I would like to add one new UPS dc protected outlet ckt and one existing ethernet PoE cat7 cable parallel in one existing conduit around 20 feet to an existing outside network breakout 12 inch junction box. The ups ckt addition is for for three 45w PoE injector brick loads to sit in that box (for 3 other downline PoE splitters switches) and one PoE cat 7 from a PoE switch on that same UPS source (existing poe camera). 

Considering the existing 3/4" conduit, perhaps using 14awg cable with existing cat7 ethernet or use single THHN conductors for 120vdc if necessary for sizing space. Cordcaps and ground.

Not AC.

All PoE work for below a roof eave for breakout from an IT closet below which is thru 8 inches of 1915 brick with one existing 3/4" emt. One LB and an offset emt connector in a straight run vertical to the existing JB can. Injectors are Ubiquiti poe-50-60-w for context. 1500va UPS off the shelf inside closet powers a couple ethernet switches.

Any caveats or experiences?

120vdc
48vdc

Thanks!


----------



## MikeFL (Apr 16, 2016)

Members: OP is legit. Please contribute if you have experience/ wisdom/ advice to share. Thanks!


----------



## SWDweller (Dec 9, 2020)

Sorry I have never tried to sheild DC voltage from communications. Would not know where to start.


----------



## Almost Retired (Sep 14, 2021)

SWDweller said:


> Sorry I have never tried to sheild DC voltage from communications. Would not know where to start.

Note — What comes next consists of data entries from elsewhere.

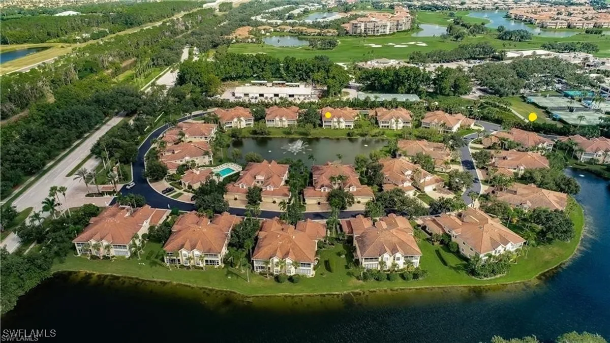 Clubside Reserve in The Vineyards. First-floor coach home offering two bedrooms plus a den, two full baths, and a two-car garage. Enjoy sparkling lake and fountain views with desirable southern exposure! This residence features a spacious great room floor plan that is light and bright. The lanai has been enclosed with glass sliders and screens, expanding the interior living space while still allowing the doors to be opened for fresh air—seamlessly blending indoor and outdoor living. The cozy lanai is the perfect spot to enjoy beautiful sunset views! The den is equipped with pocket doors, providing a private and flexible space ideal for guests or a home office. The guest bedroom suite also features pocket doors, allowing it to be separated from the main living area for enhanced privacy. Storage is abundant throughout the home! The kitchen pantry was custom-designed by the homeowner in collaboration with the builder to maximize functionality. Near the entrance, a large storage closet is so big it is currently used as an office! Additional oversized closets provide ample space for larger storage items, along with a dedicated coat closet. The primary suite is generously sized and offers exceptional storage, featuring a spacious walk-in closet in addition to a traditional closet. This residence also enjoys a great location! A nearby hidden walkway offers direct pedestrian access to the Vineyards Country Club, allowing you to walk to the Club without using any main roads. Clubside Reserve offers its own amenities, including a lovely updated community clubhouse with a pool and spa—perfect for relaxing or hosting family and friends. This quaint and tranquil gated community is known for its beautiful landscaping and well-managed association, featuring newer roofs, exterior paint, and recently paved roads. Conveniently located near the Vineyards Country Club and Vineyards Community Park, residents enjoy quick access to beautiful beaches, shopping, dining, medical facilities, and I-75. Optional membership at Vineyards Country Club provides an impressive array of amenities, including 36 holes of championship golf, 12 Har-Tru tennis courts, pickleball, bocce, a resort-style pool and spa, outdoor bar, and a state-of-the-art wellness center with a fitness facility, café, halotherapy salt room, massage and salon services, and a saltwater lap pool.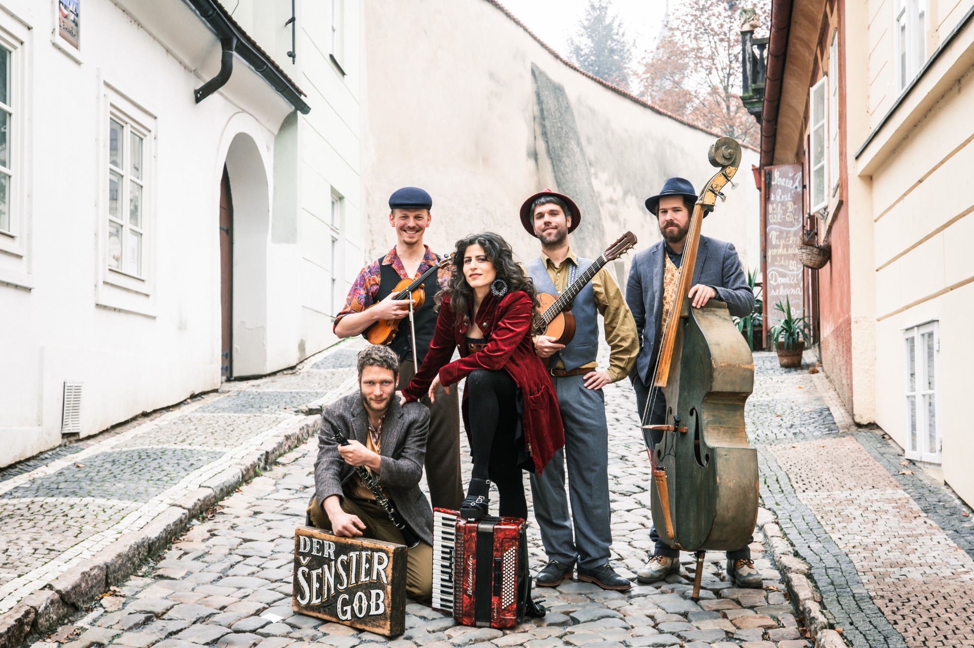 Der Šenster Gob is an acoustic band from Prague playing Gypsy, Jewish and Balkan music, travelling around Europe in a romantic green wooden caravan.
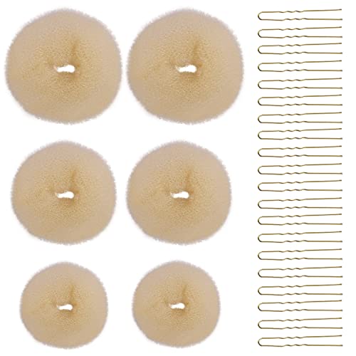 6 Pezzi Ciambella per Chignon, Creatore per Pane Ciambella Accessori Capelli Chignon con 20 Clip a Forma di U per Donne e Ragazze (Beige)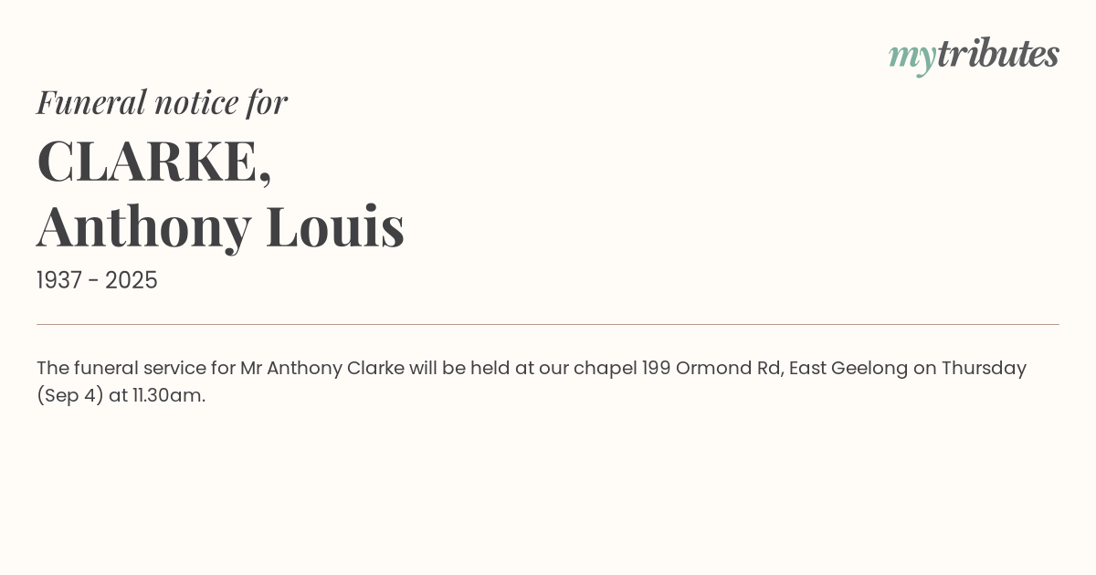 18°CThe funeral service for Mr Anthony Clarke will be held at our chapel 199 Ormond Rd, East Geelong on Thursday (Sep 4) at 11.30am.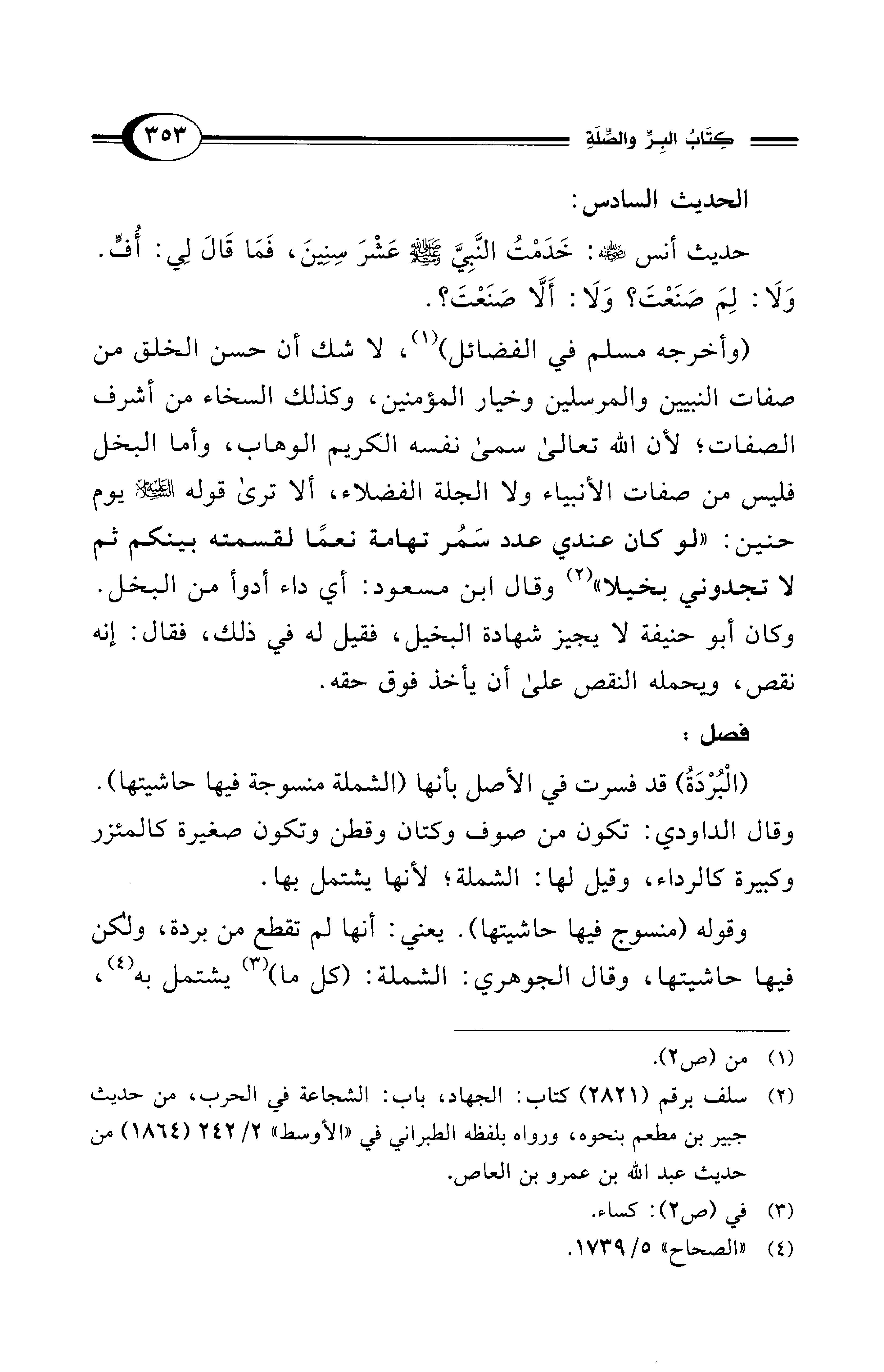 حديث أنس - رضي الله عنه -: خَدَمْتُ النَّبِيَّ - صلى الله عليه وسلم - عَشْرَ سِنِينَ، فَمَا قَالَ لِي: أُفٍّ. وَلَا: لِمَ صَنَعْتَ؟ وَلَا: أَلَّا صَنَعْتَ؟.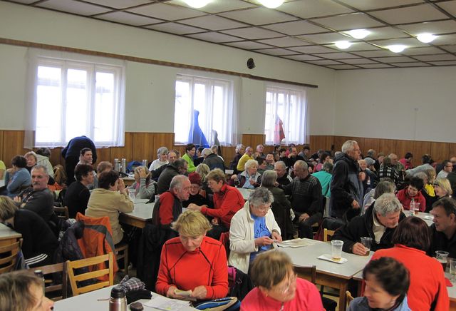 Po návratu do Trnavy jsme si v souznění s ostatními promoklými turisty pochvalovali možnost pobýt v sále kulturního domu, kde celé odpoledne vyhrávala kapela, občerstvit se a popovídat s přáteli.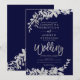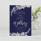 Casamento chic floral marinho azul de folha prateada com folhagem de folha de prata pintada manualmente. O fundo azul do marinho é totalmente personalizável

me neither. if the dc is clean and steady will it actually impact the comms?


----------



## McClary’s Electrical (Feb 21, 2009)

I don’t understand the concern. A standard POE injector at the point of use is not sufficient? Use CAT 8 if you’re worried about voltage drop. It’s good for 40 gigs at 330 ft. POE should not be a problem


----------



## McClary’s Electrical (Feb 21, 2009)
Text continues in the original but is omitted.